▶ _SUPPLIED INFORMATION_:
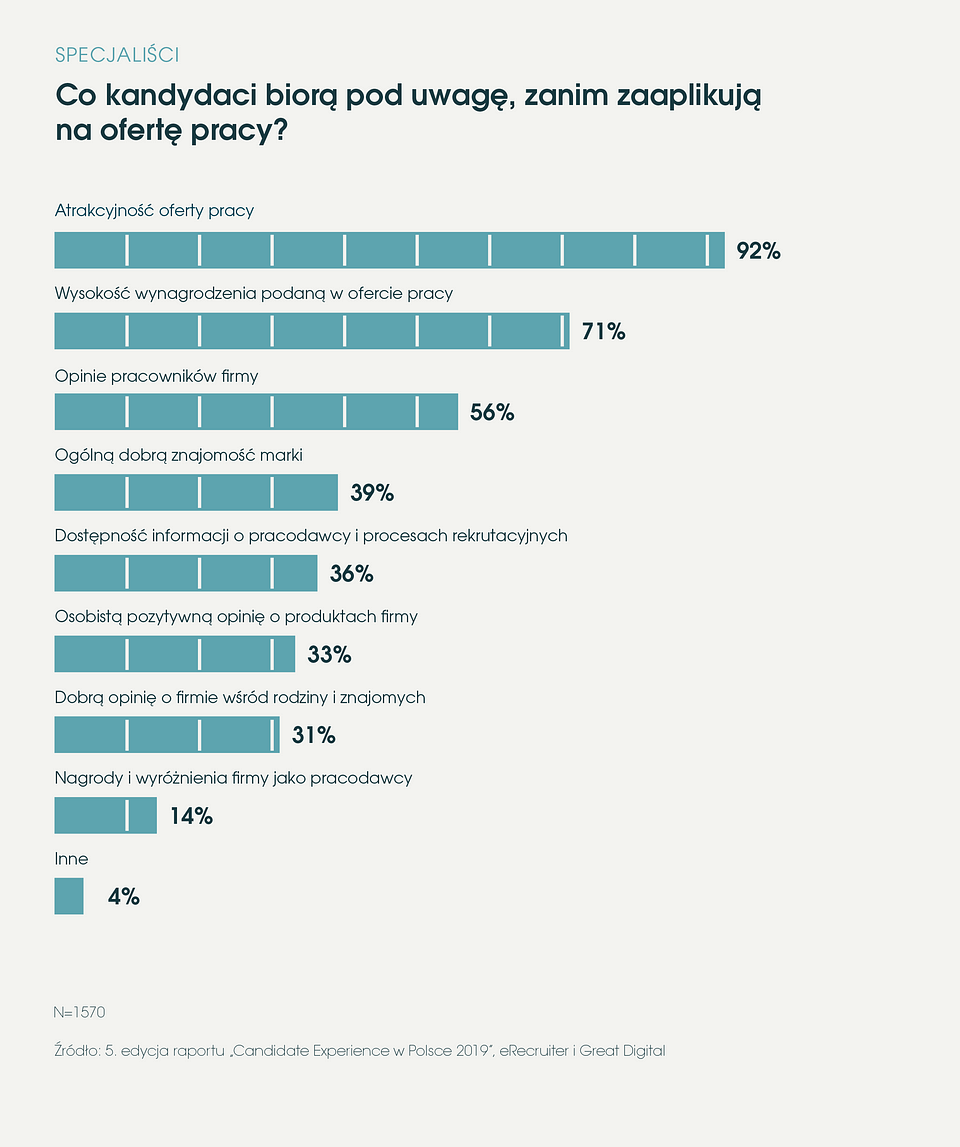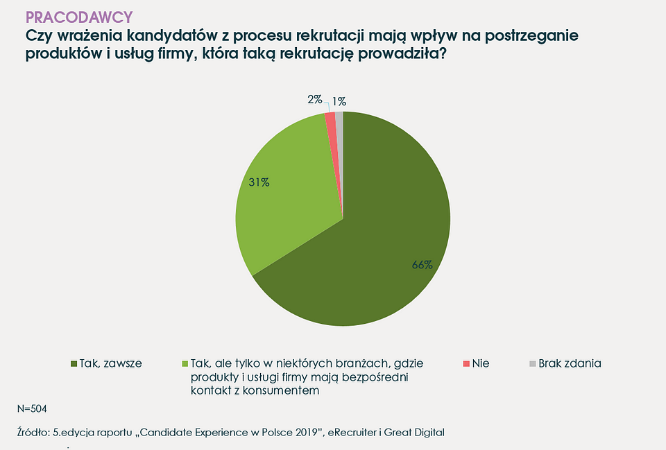 Raport „Candidate Experince” autorstwa eRecruiter dowodzi, że marka pracodawcy oraz marka produktu są ze sobą coraz częściej ściśle powiązane. Z jednej strony co piąty kandydat badany przez eRecruiter, który odniósł negatywne wrażenia podczas rekrutacji do danej firmy, zrezygnuje z zakupu jej produktów i usług. Z drugiej – o zaaplikowaniu przez specjalistów na ofertę pracy często decyduje dobra znajomość marki (39% badanych) czy pozytywna opinia o produktach firmy (33%).
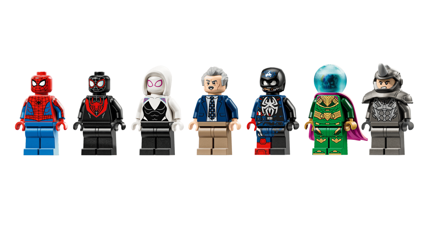 - 7 LEGO® ǀ Marvel minifigurer: Spider-Man, Miles Morales, Ghost-Spider, J. Jonah Jameson, Mysterio, venomifierad Captain America och Rhino
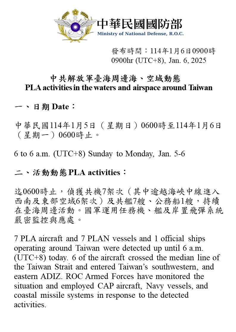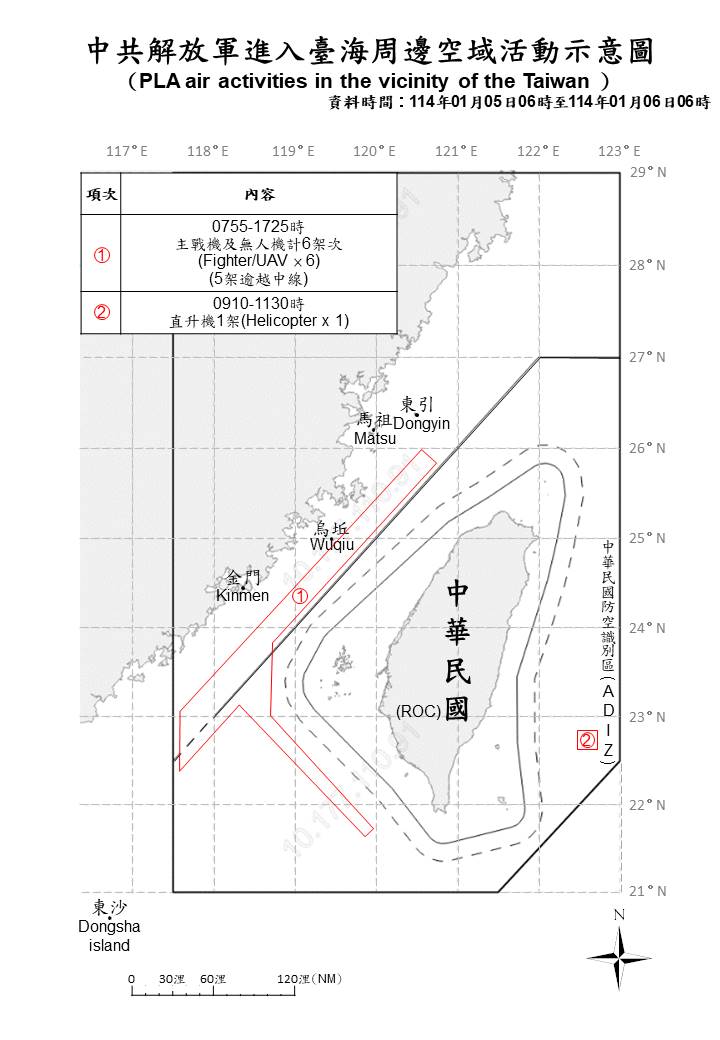 1140106_臺海周邊海、空域活動示意圖
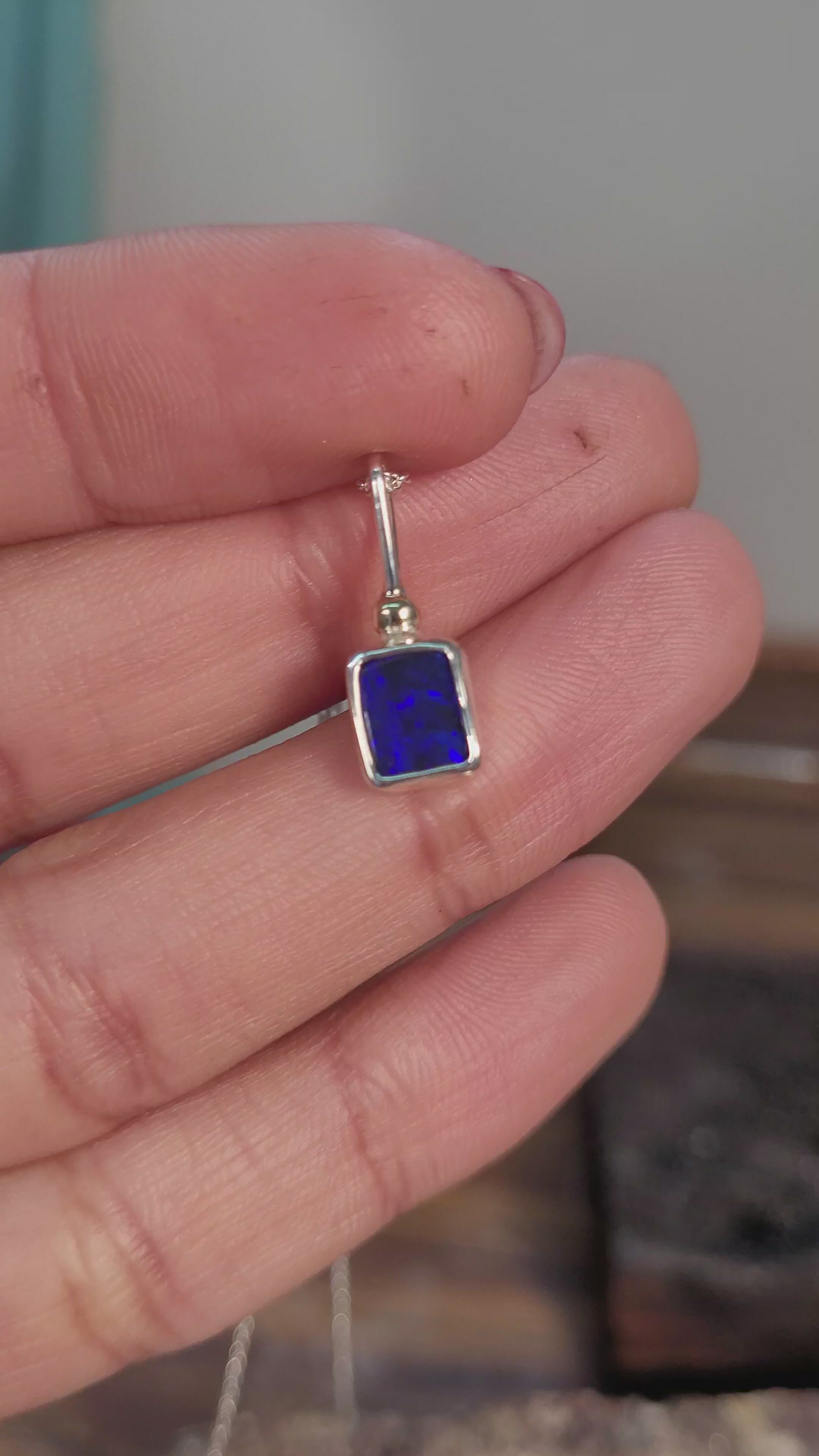 Colgante artesanal elaborado con doblete de ópalo australiano, bolita de oro de 14k y plata sostenible.
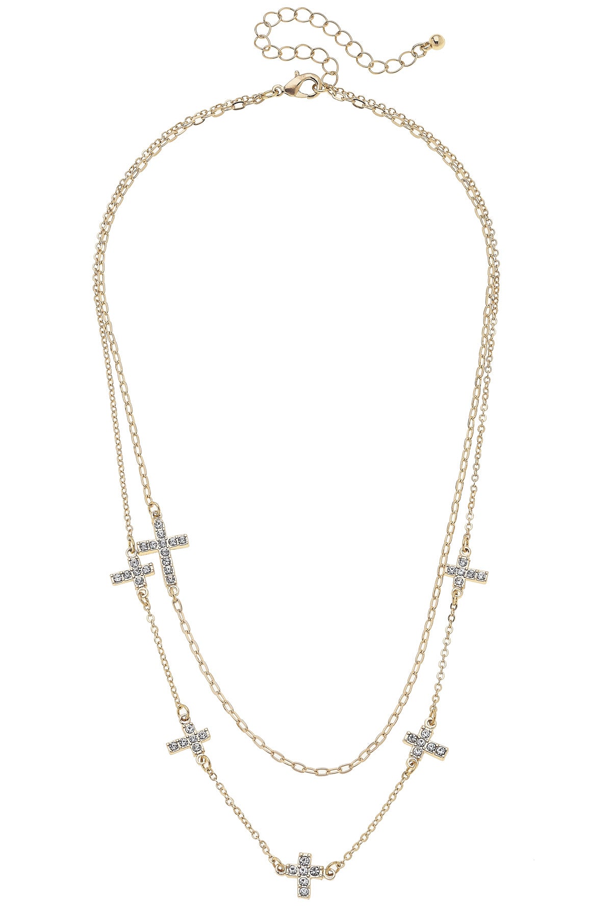 Mabel Pavé Cross Layered Necklace in Shiny Gold
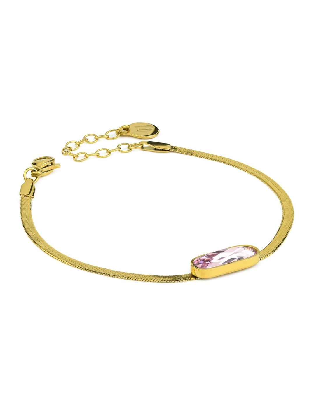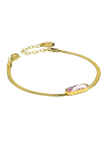 Il bracciale morbido placcato oro della collezione Jolie unisce raffinatezza e praticità, perfetto per chi ama un gioiello versatile da indossare ogni giorno. Realizzato in acciaio placcato oro giallo, il bracciale presenta una maglia piatta sottile e un cristallo centrale sfaccettato, disponibile in diverse tonalità: acquamarina, bianco, verde, blu, rosa e viola.

▶ _WORK REQUEST_:
The answer must be an exact copy of the entries, with the pictures omitted.

▶ _RESPONSE AREA_:
 Raport „Candidate Experince” autorstwa eRecruiter dowodzi, że marka pracodawcy oraz marka produktu są ze sobą coraz częściej ściśle powiązane. Z jednej strony co piąty kandydat badany przez eRecruiter, który odniósł negatywne wrażenia podczas rekrutacji do danej firmy, zrezygnuje z zakupu jej produktów i usług. Z drugiej – o zaaplikowaniu przez specjalistów na ofertę pracy często decyduje dobra znajomość marki (39% badanych) czy pozytywna opinia o produktach firmy (33%).
 - 7 LEGO® ǀ Marvel minifigurer: Spider-Man, Miles Morales, Ghost-Spider, J. Jonah Jameson, Mysterio, venomifierad Captain America och Rhino
 1140106_臺海周邊海、空域活動示意圖
 Colgante artesanal elaborado con doblete de ópalo australiano, bolita de oro de 14k y plata sostenible.
 Mabel Pavé Cross Layered Necklace in Shiny Gold
 Il bracciale morbido placcato oro della collezione Jolie unisce raffinatezza e praticità, perfetto per chi ama un gioiello versatile da indossare ogni giorno. Realizzato in acciaio placcato oro giallo, il bracciale presenta una maglia piatta sottile e un cristallo centrale sfaccettato, disponibile in diverse tonalità: acquamarina, bianco, verde, blu, rosa e viola.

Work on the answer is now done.